Scientific studies are a first-class source of knowledge. However, the studies are plagued by biases, both when published and when disseminated and disseminated, which slows down progress.

In the field of social sciences we have witnessed major scandals, such as Sokal's. Or more recently, the so-called ya Sokal squared, regarding gender studies. But these problems, to a greater or lesser extent, have been detected in all areas of scientific literature.

Loss of trust in science

In short, the problem of disseminating good quality scientific knowledge is fueled by:

• Publication bias: publishing only positive studies
• Citation bias: citing only positive studies. In 2012, Anne-Sophie Jannot and a team examined 242 meta-analyses published in the Cochrane Database of Systematic Reviews between January and March 2010 that confirmed this.
• Distortion quotes. In 2010, Andreas Stang posted a review of the Newcastle-Ottawa scale, a scale used in meta-analysis to evaluate the quality of observational studies. Sometimes references are simply copied from one document to another. It's hard to know how common this is, but Pieter Kroonenberg, a Dutch statistician, discovered a nonexistent study that had been cited more than 400 times.
• Underutilization of evidence: not citing existing studies. The researchers Karen Robinson and Steven Goodman examined the frequency with which subsequent clinical trial authors reported similar clinical trials. They identified 1,523 essays and tracked how they had cited others on the same topic. Only about a quarter of the relevant trials were cited, which also constituted only about a quarter of the subjects enrolled in the relevant trials.

Within publication bias, in turn, different forms of bias have been identified:

• Time lag bias: in which trials with impressive positive results (large size, statistical significance) are published more quickly than trials with negative or equivocal results.
• Results reporting bias: reporting only statistically significant results or results that favor a particular claim, while other results have been measured but not reported.
• Location bias: publication of non-significant, equivocal, or unsupported findings in less prestigious journals, while studies reporting positive, statistically significant findings tend to be submitted to better-known journals.

In Xataka

Popular studies are less reliable (says a scientific study that is becoming quite popular)

A significant case was the one analyzed in 2015 by Michal Kicinski and colleagues, who examined 1,106 meta-analyses published by the Cochrane Collaboration on the effectiveness or safety of particular treatments.
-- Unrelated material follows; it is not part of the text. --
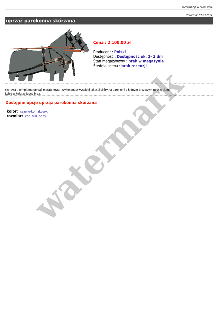 Informacje o produkcie Utworzono 07-03-2017 uprząż parokonna skórzana Cena : 2.100,00 zł er m ar k Producent : Polski Dostępność : Dostępność ok. 2- 3 dni Stan magazynowy : brak w magazynie Średnia ocena : brak recenzji szorowa , kompletna uprząż maratonowa , wykonana z wysokiej jakości skóry na parę koni z ładnym brązowym podszyciem. Lejce w kolorze jasny brąz. Dostępne opcje uprząż parokonna skórzana w at kolor: czarno-koniakowy. rozmiar: cob, full, pony.

For meta-analyses that focused on efficacy, positive and significant trials were more likely to be included in the meta-analyses than other trials. In contrast, for meta-analyses that focused on safety, "results that provided no evidence of adverse effects were on average 78 percent more likely to enter the meta-analysis sample than statistically significant results that showed they existed." Adverse effects".

The existence of these biases is not only a problem that affects the quality of scientific literature, but is undermining the integrity of science, allowing myths or half-truths to flourish more easily. Once we have diagnosed the problem, it is imperative to get to work to mitigate it and, by extension, reinforce the foundations on which we build the edifice of science.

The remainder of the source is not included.